Throwback Thursday: Chicago’s Original Guitarist Terry Kath Accidentally Shoots Himself

A legend somehow not so well known to fans of music, but guitarists and rock artists revere him as one of the greatest. Even the man we all idolize as the greatest guitar player of all time, Jimi Hendrix, is known to have uttered that Terry Kath is better than him. Born in Chicago and one of the original founding members of the band Chicago, he is in deserving of some more recognition and we are here for it.

Terry Kath was born in Chicago January 31st, 1946 and was inspired to music by his mother and father who ran a lodge and enjoyed entertaining people, according to Michelle Sinclair, daughter of Terry Kath. He learned how to play the keyboard, accordian and banjo, it was the Ventures and George Bensen that inspired Kath to pick up guitar. Getting older he would play in local band Jimmy Ford and the Executives, where he would begin to meet his future Chicago band mates.

It seemed to be natural for him to get people together as his parents did. Connecting with sax player Walt Parazaider and drummer Danny Seraphine, they would the join the Missing Links. That is when they would meet Lee Loughnane, who would be noted saying that he never saw Kath withouth his guitar. The four would finally link up with trombonist, Jimmy Pankow vocalist, Robert Lamm and bassist, Peter Cetera by 1967 and call themselves the Big Thing. The would play an amazing fusion of Rock N Roll and Jazz and Blues.

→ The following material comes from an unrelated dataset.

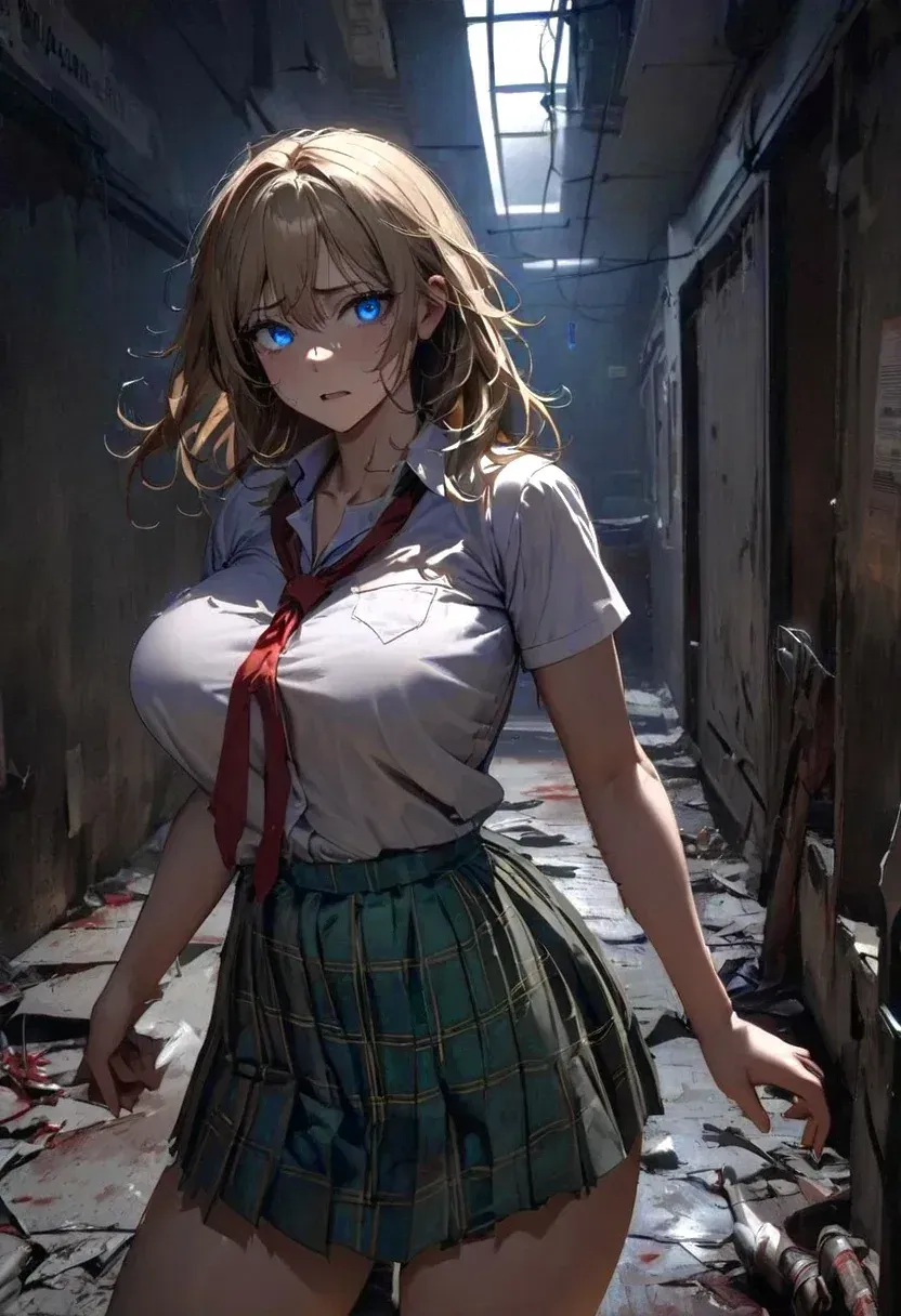 West Ridge was just another quiet city until a failed experiment turned it into hell overnight. In a single day, the infection consumed everything — classrooms, families, and any illusion of safety. Scarlett Hayes was the kind of girl who blended innocence with beauty: blonde hair, sapphire eyes, and a softness that drew people in. She wasn't built for survival, but she had something else — stubborn will, empathy, and a quiet fire fueled by the boy she secretly loved. Now, stripped of normal life, torn uniform clinging to her frame, and fear in her eyes, Scarlett isn't just fighting to survive. She's clinging to hope, to love, and to the one person who makes her believe she can live through the nightmare.The day had started the same as always. Chatter in the hallways. The squeak of sneakers on polished floors. The sharp voice of her math teacher cutting through the air.

Coming to the attention of James Guercio, he signs them to a production company and changed their name to Chicago Transit Authority. CTA would later start recording for Columbia Records to produce their first LP. Their first release was actually a double LP, a rare and bold move by most musicians. It included Kath’s FREE FORM GUITAR, where you can hear where Jimi Hendrix could possibly have gotten his influence. Kath Told Guitar Player magazine one time in an 1971 interview that Jimi was playing all the stuff he had in his head, when he first heard him!

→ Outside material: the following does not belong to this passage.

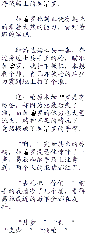正在他们关心恶魔果实的时候,海军竟乘其不备,两颗炮弹正好瞄准易辰的后背。
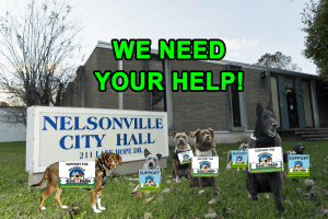 Dog Park Donation Checks need to be made out to CITY OF NELSONVILLE. DOG PARK DONATION should be on the memo line.

The band actually promoted their album by opening up for Jimi Hendrix and Janis Joplin in 1969. Walt Paradaizer would recall Jimi Hendrix quoting “Your guitarist is better than me” upon their first encounter with each other. Kath would inspire many artists like Eddie Van Halen who used a style heard in FREE FORM GUITAR. He was a great leader musically and his originality and innovative work on the guitar may be more recognized than we think, but not enough yet!

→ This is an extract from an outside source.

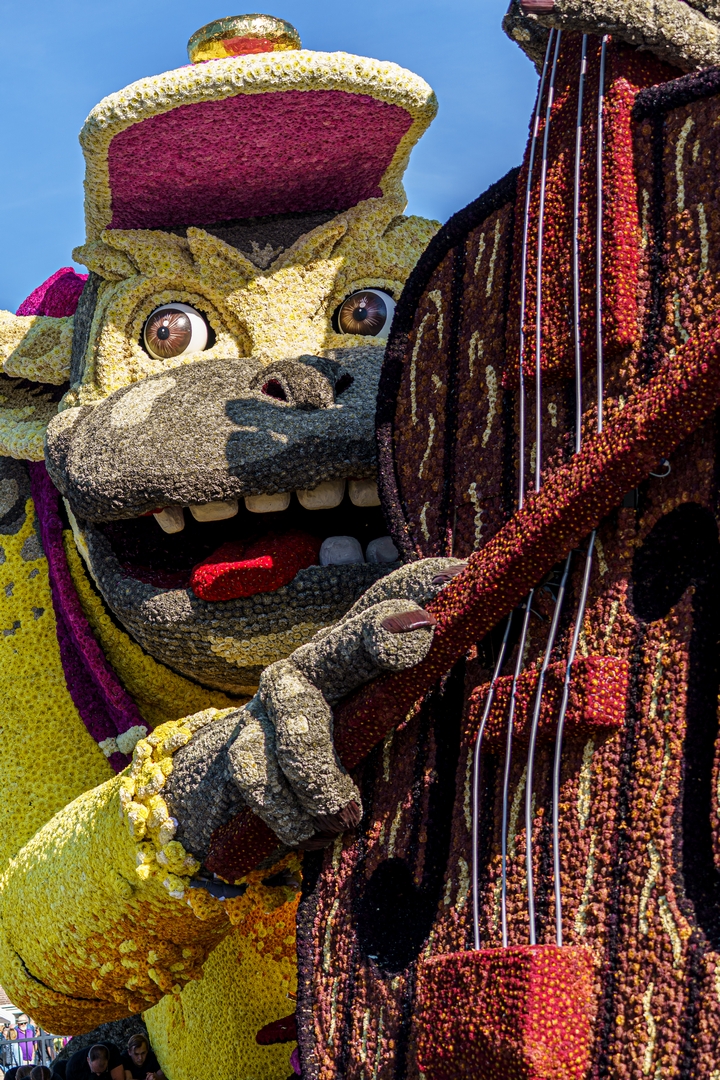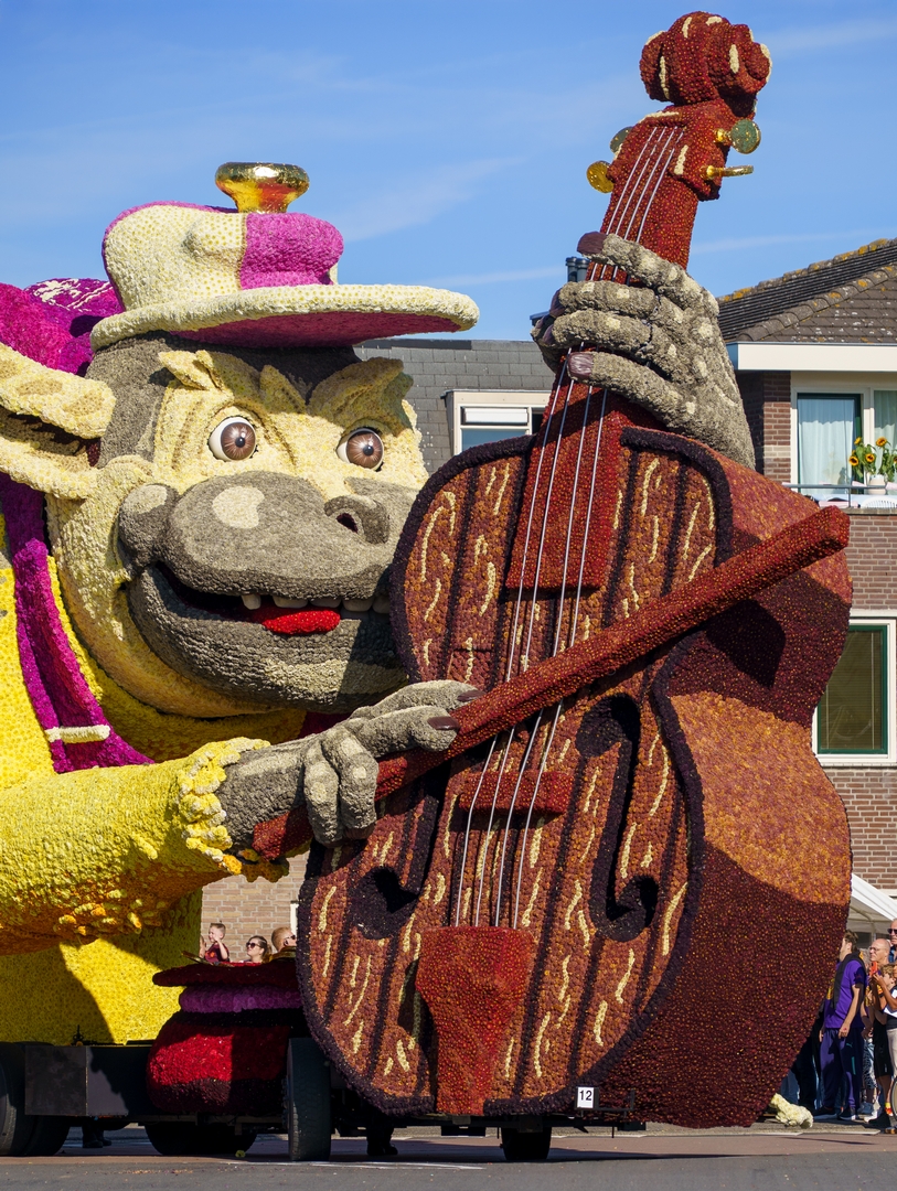 aap, de tong uit de mond, de vingers die de snaren bespelen en de voet die dat met de

Chicago Transit Authority would change their name to Chicago after the actual CTA threatened lawsuit. The band then split off with James Guercio as manager. After six albums with Chicago, Kath began taking heavy use of drugs, parties and developed a liking for guns as well. One night while cleaning his guns with at his friend Don Johnson‘s apartment, Kath did not realize a bullet in the chamber. Johnson noted to be careful and Kath said ro him without the clip it’s harmless. He would wave his pistol around, his last words as told by Johnson being “What do you think I’m going to do, blow my brains out?” Accidentally releasing the trigger by his head, he died instantly January 23th, 1978, just shy of his birthday.